Как составить таблицы условных вероятностей (CPT) для байесовских сетей с pymc
Я хотел бы построить байесовскую сеть дискретных (pymc.Categorical) переменных, которые зависят от других категориальных переменных. В качестве простейшего примера предположим, что переменные a и b являются категориальными, а b зависит от
Вот попытка закодировать его с помощью pymc (при условии, что a принимает одно из трех значений, а b принимает одно из четырех значений). Идея состоит в том, что распределения CPT будут изучены из данных с использованием pymc.
import numpy as np
import pymc as pm
aRange = 3
bRange = 4
#make variable a
a = pm.Categorical('a',pm.Dirichlet('aCPT',np.ones(aRange)/aRange))
#make a CPT table as an array of
CPTLines = np.empty(aRange, dtype=object)
for i in range(aRange):
CPTLines[i] = pm.Dirichlet('CPTLine%i' %i,np.ones(bRange)/bRange)
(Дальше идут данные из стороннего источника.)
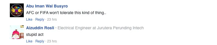 AFC’s secretary-general Dato’ Windsor Paul John said that he is still awaiting report from the match officials, and will refer this matter to the AFC disciplinary committee.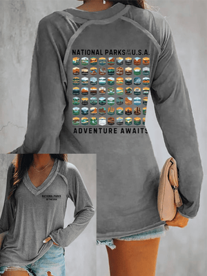 Women's National Parks Of The USA Print V-Neck T-Shirt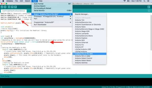 Paso 3: Cargar código para el Arduino Mini Pro - NeoPixel difusión basado en sonido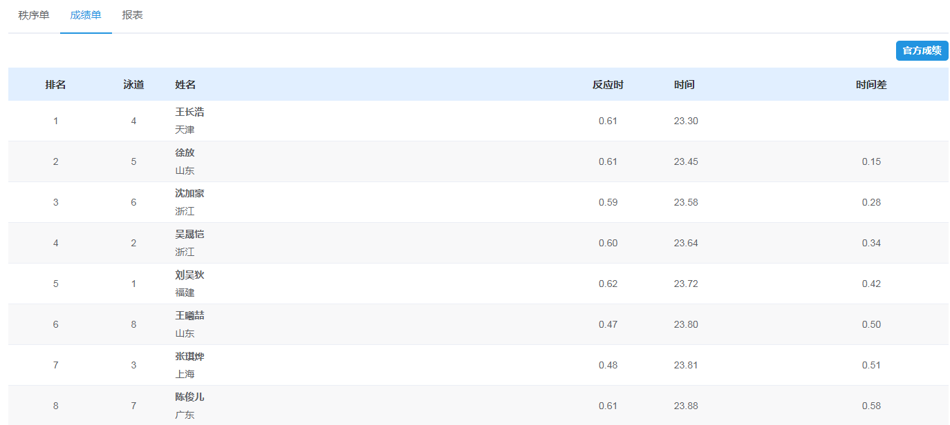 山东队的徐放23秒45获得银牌,浙江队的沈加豪23秒58,刷新个人最好成绩获得铜牌。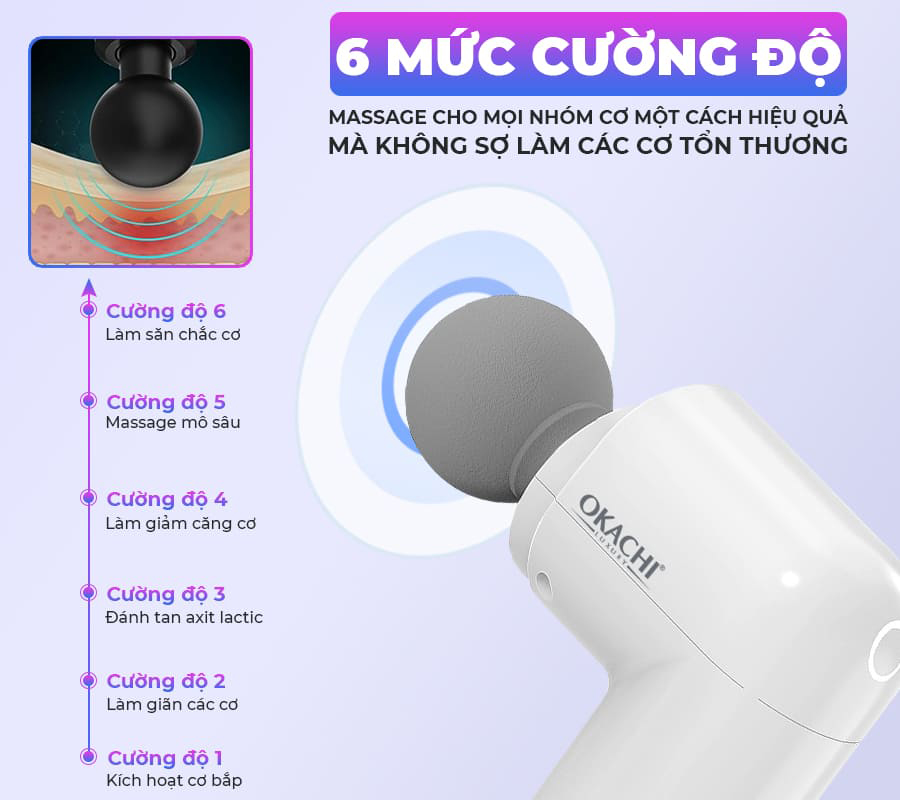 Súng massage OKACHI JP-G3 cung cấp 6 cường độ massage khác nhau, từ nhẹ đến mạnh nhất, đáp ứng mọi nhu cầu từ thư giãn đến giảm đau, săn cơ, phục hồi cơ.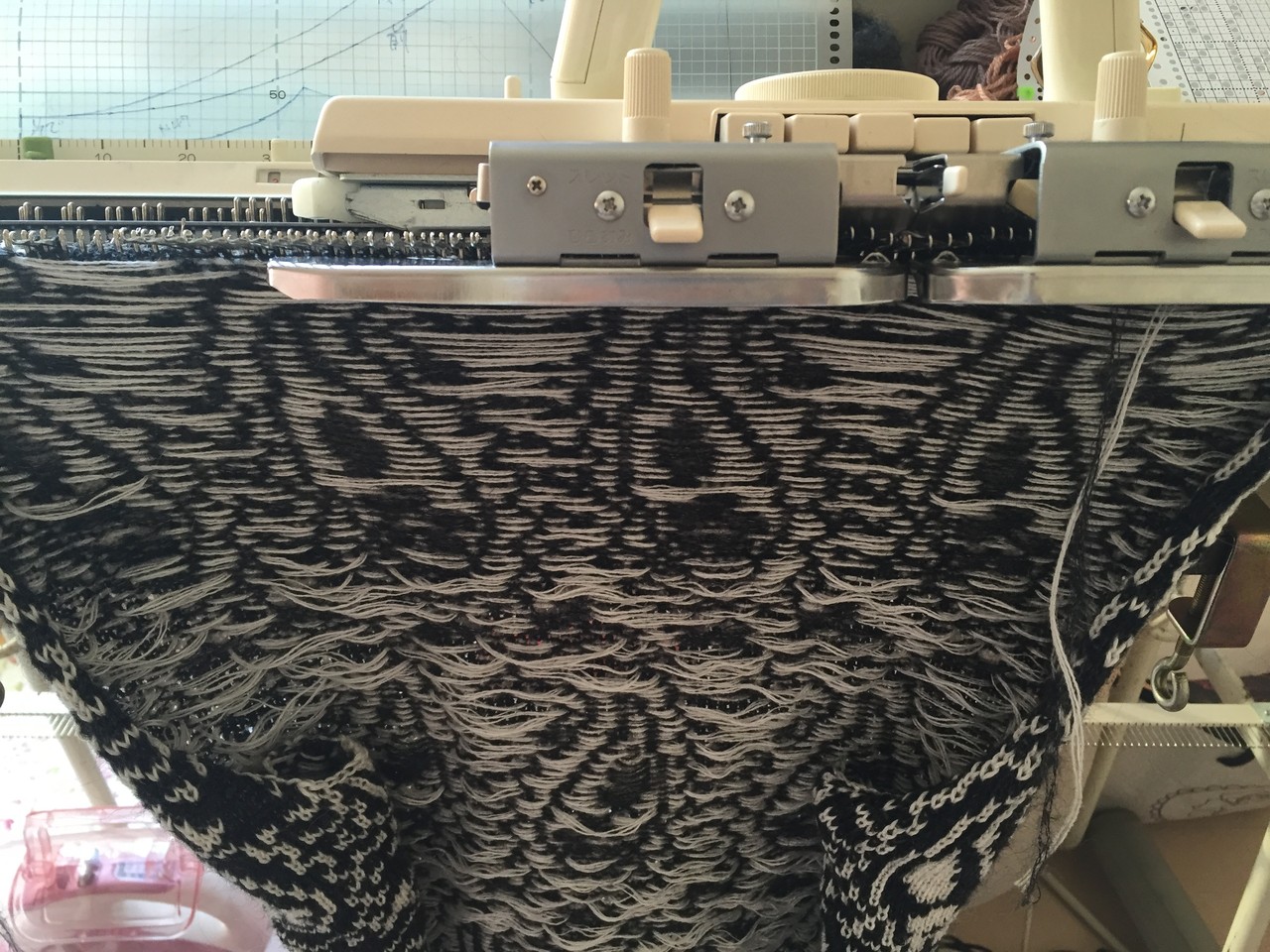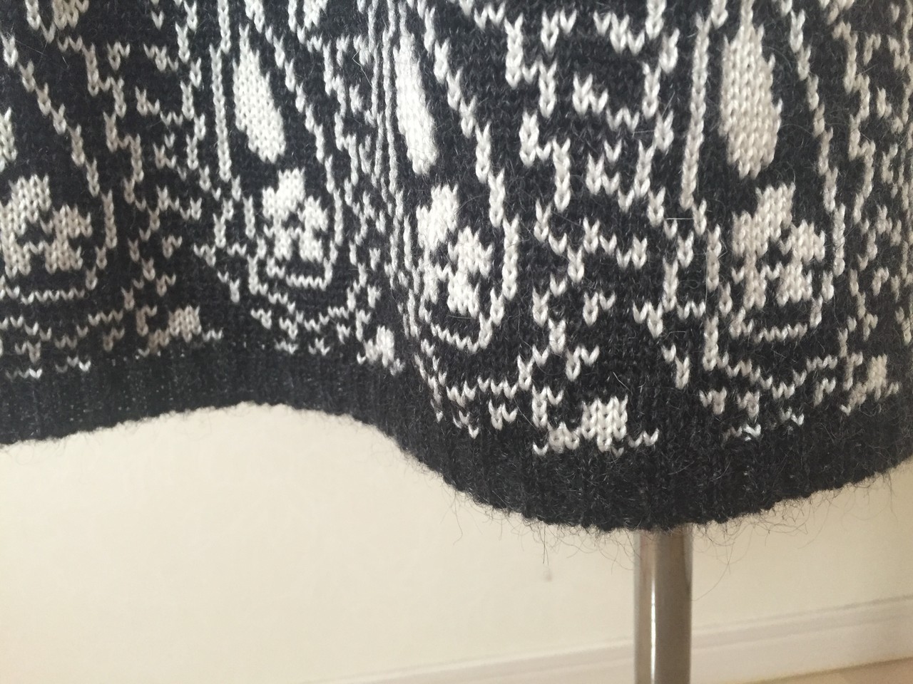 裾はね、前回はメリヤス編みにして裏にまつったんだけど、

#make a deterministic node that holds the relevant CPT line (dependent on state1)
@pm.deterministic
def selectedCPTLine(CPTLines=CPTLines,a=a):
return CPTLines[a]
#make a node for variable b
b=pm.Categorical('b', selectedCPTLine)
model = pm.MCMC([a, b, selectedCPTLine])
Если мы нарисуем эту модель, она выглядит так
Однако, запустив этот код, мы получаем ошибку:
Probabilities in categorical_like sum to [ 0.8603345]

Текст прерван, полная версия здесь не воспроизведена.